This is a graduate-level course covering the major research topics in the growing field Information Retrieval (IR). Briefly speaking, IR is the underlying science of search engines. The impact of IR research is most visible from the recent dramatic growth of the Web search engine industry, but applications of IR research also go beyond search engines to text data mining, and intelligent information systems in general.
The goal of this course is: 1) to provide a systematic review of the major research progress in information retrieval and text data mining with an emphasis on probabilistic retrieval models, statistical language models, and applications of machine learning; 2) to provide the students with an opportunity to learn frontier topics through working on carefully designed course projects and reading relevant papers; and 3) to give students enough training for doing research in IR or applying advanced IR technologies in practical applications.
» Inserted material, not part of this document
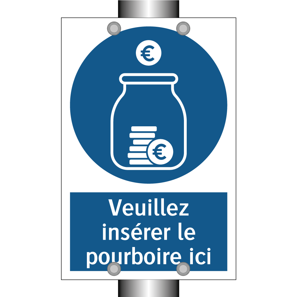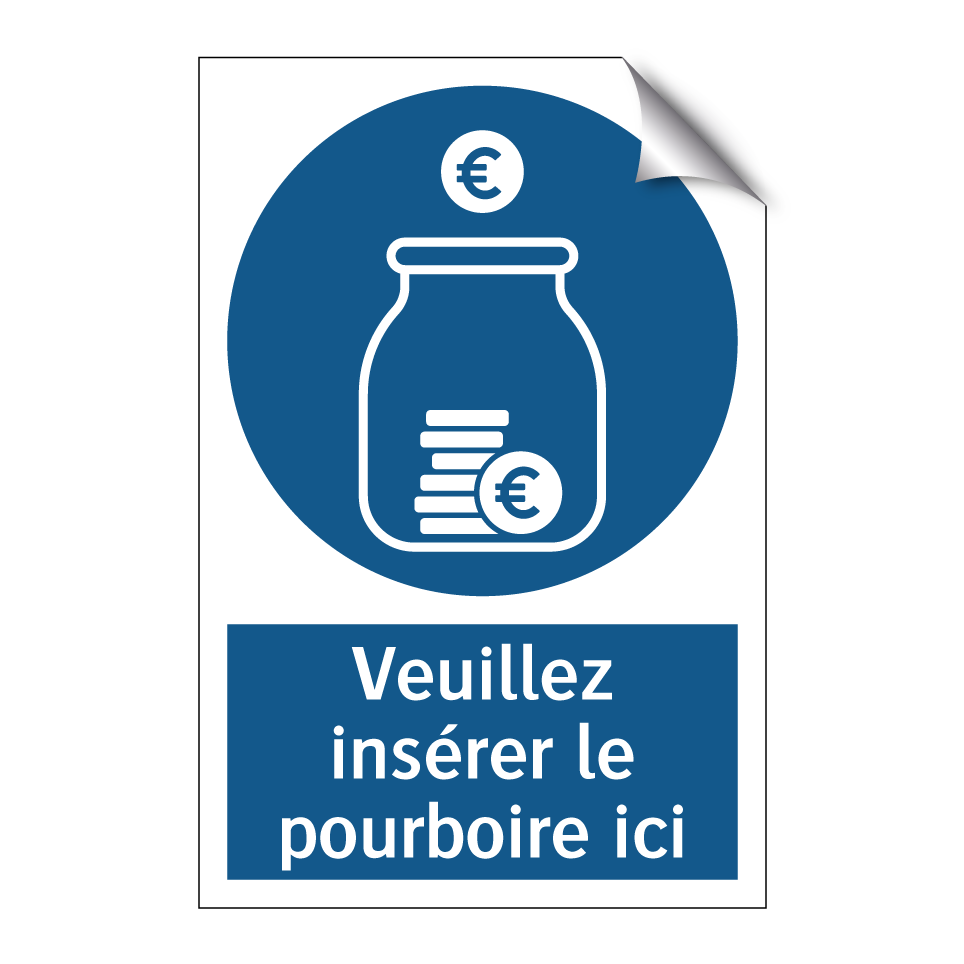 Panneau d'obligation avec le texte : "Veuillez insérer le pourboire ici"

The course will involve lectures by instructor, student presentations, and research projects on major research topics in information retrieval. There will be frequent but short assignments and a late midterm exam. Students are also required to finish a research project that can potentially lead to a publication or an innovative useful system. Group projects are allowed and encouraged.
Prerequisite: Students are expected to have a good knowledge of basic probability and statisticcs in addition to programming skills at the level of CS225 or a similar programming course. Some background in one or more of the following areas: information retrieval, machine learning, natural language processing, data mining, or databases would be a plus, but not required. If you are not sure whether you have the right background, please contact the instructor.